Welcome to the World of Wearable Electronics
An infant born three months prematurely fails to flush pink at birth and has an alarmingly low blood pressure. Ultrasound identifies a heart abnormality and doctors rush the newborn to an MRI suite to confirm the diagnosis. But the scanning itself can cause physical agitation that interferes with clear imaging. In some cases, it can make it harder for the baby to breathe.
When scans require high sensitivity on a small area of the body, a hard, heavy vest of metal coils must press down on the baby. The bulky burden weighs more than the newborn. Infants squirm under the pressure, but anesthesia to calm them down adds an unwanted risk. Lightening the load by securing the weighty apparatus off the baby leads to degraded resolution, prompting a need for longer MRI exposures.
The hardware is part of the radio frequency (RF) coil assembly that receives the MRI’s electromagnetic signals. Besides being awkward and heavy, the coils are expensive to manufacture and must be reused for years. Sanitizing the bulky assembly is difficult.
Cut to a faculty lunch in 2011. UC Berkeley MRI expert Miki Lustig hears his colleague Ana Claudia Arias describe her lab’s progress adapting a technique similar to conventional ink jet printing to fabricate electronic devices.
It was a technology, Lustig says, that was “well beyond my comfort zone.” But he wondered if Arias’s printable electronics techniques could fabricate ultra-lightweight, “two-dimensional” RF coils to ease the trauma to tiny tots and improve image quality.
Lustig and Arias, both faculty members in the electrical engineering and computer sciences department, walked back to their offices together.
“I asked her if she thought RF coils could be printed. It just seemed like a good idea. She said ‘let me think about it.’ A few days later — almost immediately — she said we should give it a try. She started ordering materials to test different substrates and putting a team together.”
Printing electronic circuits and devices based on metals and semiconductors from solution is a very young field that Arias first entered in 2003 at the near-legendary Xerox PARC in Palo Alto. She came to PARC from Plastic Logic Limited, where she worked after finishing her Ph.D. in physics at the Cavendish Laboratory at Cambridge University, UK.
While at Xerox, Arias began to explore fabrication of wearable sensors. Her group developed several components of a flexible sensor that targeted the prevention of brain injuries by monitoring pressure, acoustic and light levels in the battlefield.
When she joined the Berkeley EECS faculty in 2011, she began to expand her collaborations to developed wearable medical devices that could track vital signs and give doctors feedback on their patients health.
“Printed electronics is an ideal technology for fabrication and integration of devices with different functionality, such as sensors, light sources and simple circuits. It is ideal for deposition of unique and customized designs. And when one adds flexible substrates to the equation you could start thinking about truly wearable — and comfortable — electronics”

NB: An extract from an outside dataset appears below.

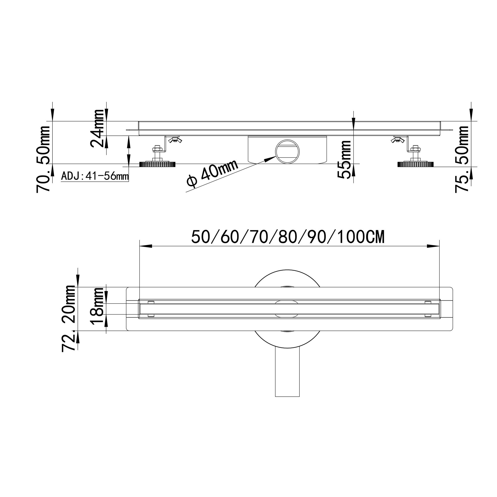 Die flache Duschrinne B8 ist flexibel einsetzbar und lässt sich durch ihre Höhenverstellung von 68 mm bis 80 mm optimal anpassen. Sie ist in verschiedenen Längen erhältlich:

To make “wearable electronics” for infant MRI patients, her team first tried to print directly onto cloth fabric.
“We wanted to make our coil feel like a swaddle blankie that fits snugly and softly around the babies,” she says.
But the cloth’s texture interfered with the ability to print high quality capacitors, so the team turned to printing the “electronic inks” layer by layer onto plastic thin film, like what is used in photo transparencies. The lab succeeded in fabricating and demonstrating functioning RF coils with performance properties comparable to conventional RF coils.
Arias is supported by a Bakar Fellowship at Berkeley, support intended to help commercially promising research make the leap from the lab to the real world. She and Lustig plan to start a company to advance the technology into clinical use.
“We, researchers, don’t usually have experience and training with steps such as securing IP protection and developing a business plan to attract investment and ensure success. Mentors we met through the Bakar Program have been very helpful,” she says.
Their proof-in-principle of the flexible, lightweight and wearable electronics strategy has led to plans for clinical trials early next year. She and Lustig are collaborating with pediatrician Shreyas Vasanawala at Lucile Packard Children’s hospital to test the wearable RF coils on babies needing MRI scans. Vasanawala has been a key clinical consultant to the project from the beginning.
Arias sees the technology’s potential for adult MRI scanning as well — helping to make the MRI experience more confortable and less scary to everyone, while getting better images of parts of the body that the bulky conventional RF coil assemblies don’t fit very well.
Meanwhile, she still has her eyes on developing that electronic blankie. “When you see kids in the hospital, it’s scary for them. When they’re in a blanket, it’s a much more comforting experience. We want to swaddle them.”